Unfortunately, due to technical issues, I had only a few hours to complete the challenge. I knew that I had to attempt this challenge using some sort of recursive approach. The idea of making a backtrack approach came from a class discussion involving a similar problem, so I knew exactly where to start. Once I had an idea of what the recursive function would look like, the rest came easily. To ensure my code worked properly, I used many test cases, including the most difficult Sudoku puzzles I could find online. This ensured correctness.

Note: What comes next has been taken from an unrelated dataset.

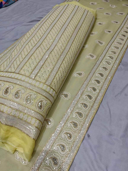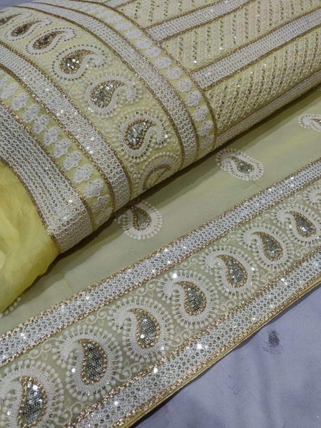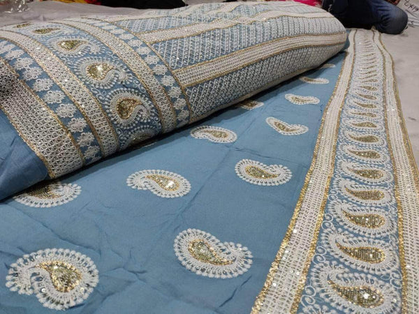 Update your collection with this designer Georgette Lehenga with all over Chikankari Mukaish's work.

Something to note is the code works assuming the inputted puzzle is a valid Sudoku puzzle. There were instances of the program giving a solution with an invalid puzzle. To solve this I had included a check to see if the inputted puzzle is valid.
For example: This input is not a valid Sudoku puzzle, there cannot be two 5s within the same section and column.
[
[5, 3, 0, 0, 7, 0, 0, 0, 0],
[5, 0, 0, 1, 9, 5, 0, 0, 0],
[0, 9, 8, 0, 0, 0, 0, 6, 0],
[8, 0, 0, 0, 6, 0, 0, 0, 3],
[4, 0, 0, 8, 0, 3, 0, 0, 1],
[7, 0, 0, 0, 2, 0, 0, 0, 6],
[0, 6, 0, 0, 0, 0, 2, 8, 0],
[0, 0, 0, 4, 1, 9, 0, 0, 5],
[0, 0, 0, 0, 8, 0, 0, 7, 9]
]
However, the program would output the following:
[
[5, 3, 4, 6, 7, 8, 9, 1, 2],
[5, 7, 2, 1, 9, 5, 3, 4, 8],
[1, 9, 8, 3, 4, 2, 5, 6, 7],
[8, 5, 9, 7, 6, 1, 4, 2, 3],
[4, 2, 6, 8, 5, 3, 7, 9, 1],
[7, 1, 3, 9, 2, 4, 8, 5, 6],
[9, 6, 1, 5, 3, 7, 2, 8, 4],
[2, 8, 7, 4, 1, 9, 6, 3, 5],
[3, 4, 5, 2, 8, 6, 1, 7, 9]
]
- Fork this repo to your local Github account.
- Create a new branch to complete all your work in.
- Test your work using the provided tests
- Create a Pull Request against the Shopify Main branch when you're done and all tests are passing
Write a Go program that solves a given Sudoku puzzle. The program should take a 9x9 grid as input, where empty cells are represented by zeros (0), and output the solved Sudoku grid.
A Sudoku puzzle is a 9x9 grid divided into nine 3x3 sub-grids. The goal is to fill in the empty cells with numbers from 1 to 9, such that each row, each column, and each sub-grid contains all the numbers from 1 to 9 without repetition.
Your program should implement an efficient algorithm to solve the Sudoku puzzle and print the solved grid to the console.
[
[5, 3, 0, 0, 7, 0, 0, 0, 0],
[6, 0, 0, 1, 9, 5, 0, 0, 0],
[0, 9, 8, 0, 0, 0, 0, 6, 0],
[8, 0, 0, 0, 6, 0, 0, 0, 3],
[4, 0, 0, 8, 0, 3, 0, 0, 1],
[7, 0, 0, 0, 2, 0, 0, 0, 6],
[0, 6, 0, 0, 0, 0, 2, 8, 0],
[0, 0, 0, 4, 1, 9, 0, 0, 5],
[0, 0, 0, 0, 8, 0, 0, 7, 9]
]
[
[5, 3, 4, 6, 7, 8, 9, 1, 2],
[6, 7, 2, 1, 9, 5, 3, 4, 8],
[1, 9, 8, 3, 4, 2, 5, 6, 7],
[8, 5, 9, 7, 6, 1, 4, 2, 3],
[4, 2, 6, 8, 5, 3, 7, 9, 1],
[7, 1, 3, 9, 2, 4, 8, 5, 6],
[9, 6, 1, 5, 3, 7, 2, 8, 4],
[2, 8, 7, 4, 1, 9, 6, 3, 5],
[3, 4, 5, 2, 8, 6, 1, 7, 9]
]
- Write a function called SolveSudoku that takes a 9x9 grid as input and returns the solved Sudoku grid.
- Implement an efficient algorithm to solve the Sudoku puzzle. You can use any approach or technique you prefer.
- Confirm the validity of your code against the tests found in this repo.
- Ensure that your code is well-documented and easy to understand.
- The input grid will be a 9x9 two-dimensional array of integers.
- The input grid will have exactly one solution.
- The input grid may contain zeros (0) to represent empty cells.
To validate the correctness of the solution, you can compare the output of the program with the expected output for a set of test cases containing unsolved Sudoku puzzles.